Task prompt: Print exactly the lines of the listing below from the one containing "- Chảo chia" through the final line, both included, and no pictures.

Dataset extract:
▽

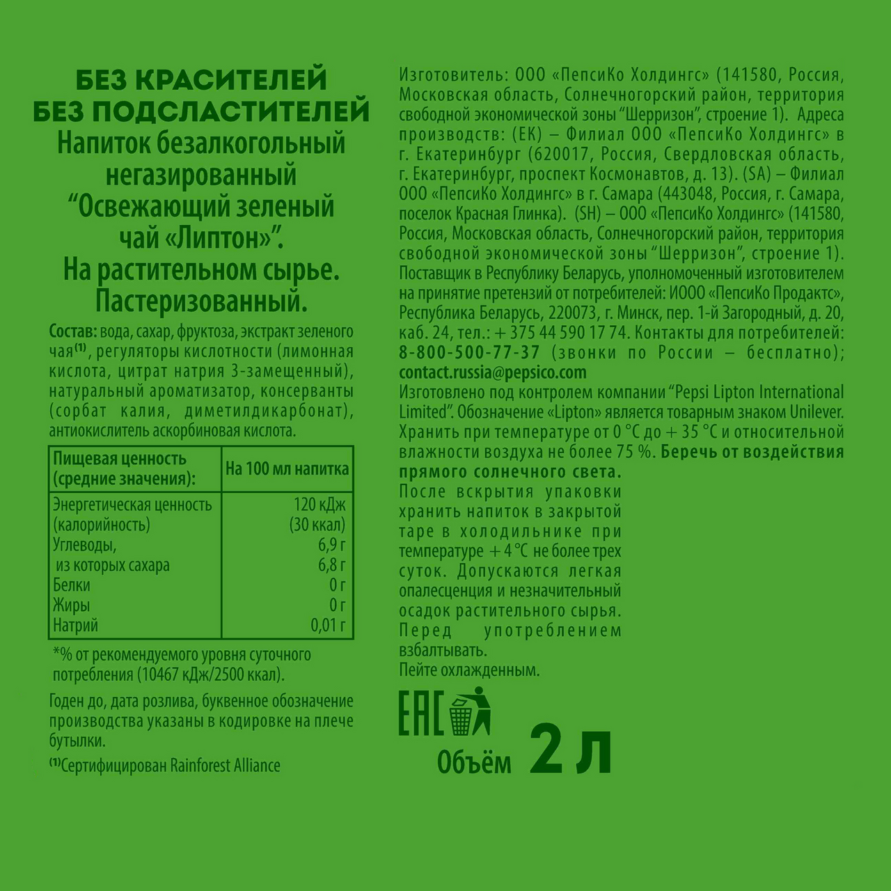 Холодный чай Lipton Зеленый Зеленый Чай безалкогольный 2л ПЭТ
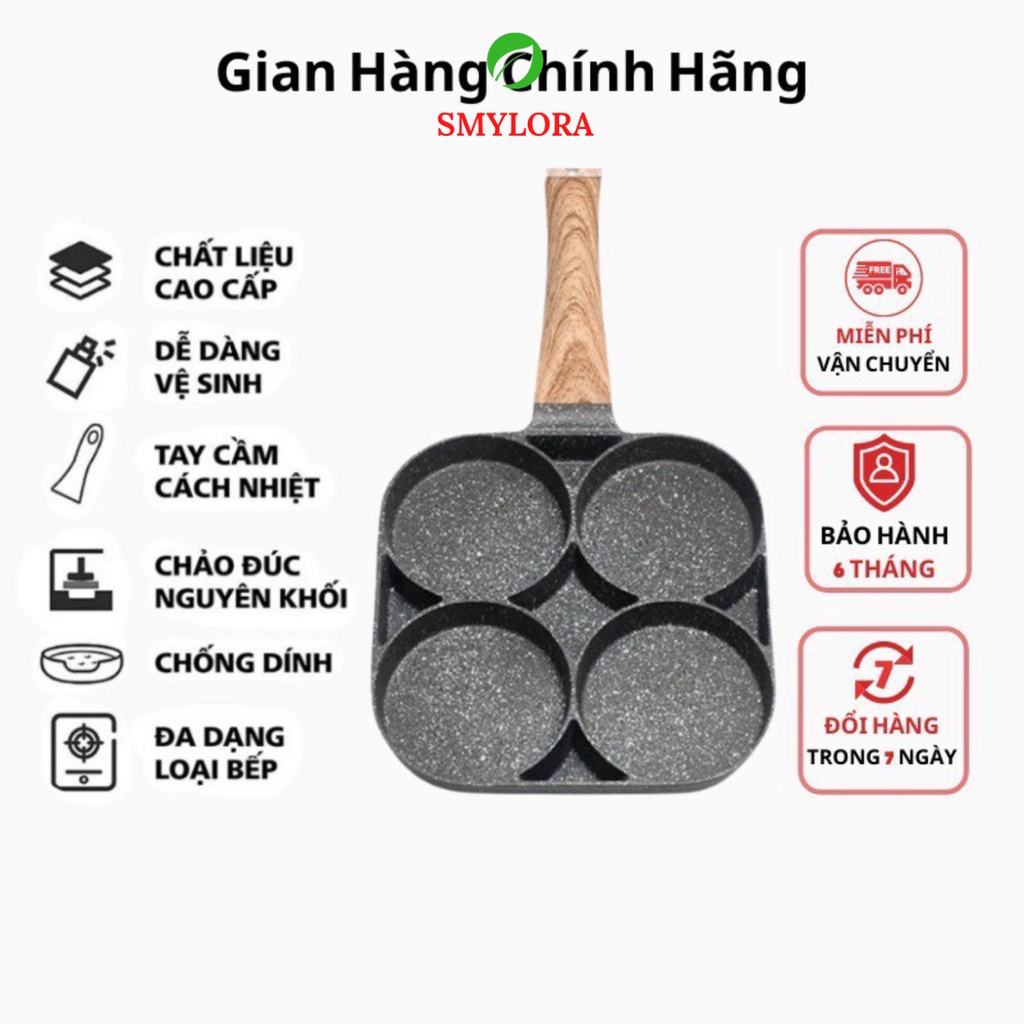 - Chảo chia sẵn 4 ô tiện dụng, 1 lúc có thể chiên rán 4 món tuỳ theo sở thích .
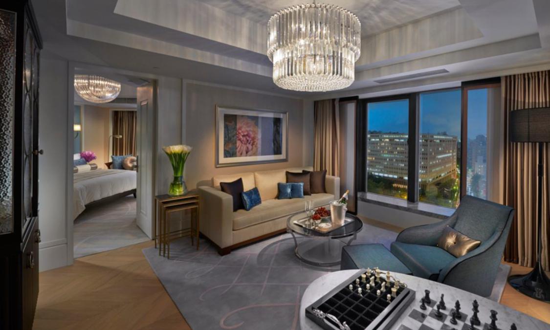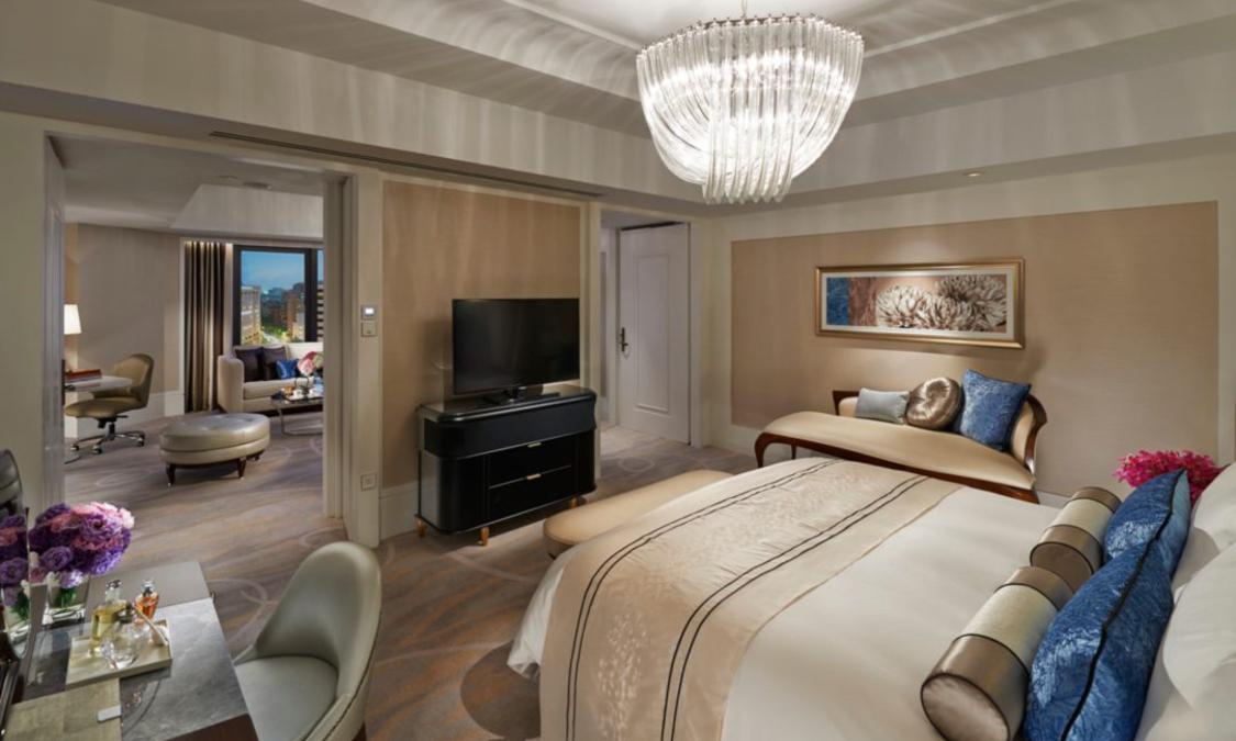 【休闲度假】气派豪华的总统套房及文华套房面积达400平方米,并备有房内私人水疗设备与健身间,尽显极致奢华。
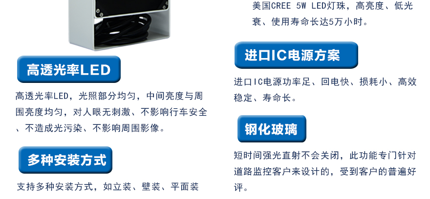 ★功率可調,根據現場光照環境調節燈光亮度,在滿足圖像效果的前提下盡量減少光功率,節能環保;

△

Answer to this exercise:
 - Chảo chia sẵn 4 ô tiện dụng, 1 lúc có thể chiên rán 4 món tuỳ theo sở thích .
 【休闲度假】气派豪华的总统套房及文华套房面积达400平方米,并备有房内私人水疗设备与健身间,尽显极致奢华。
 ★功率可調,根據現場光照環境調節燈光亮度,在滿足圖像效果的前提下盡量減少光功率,節能環保;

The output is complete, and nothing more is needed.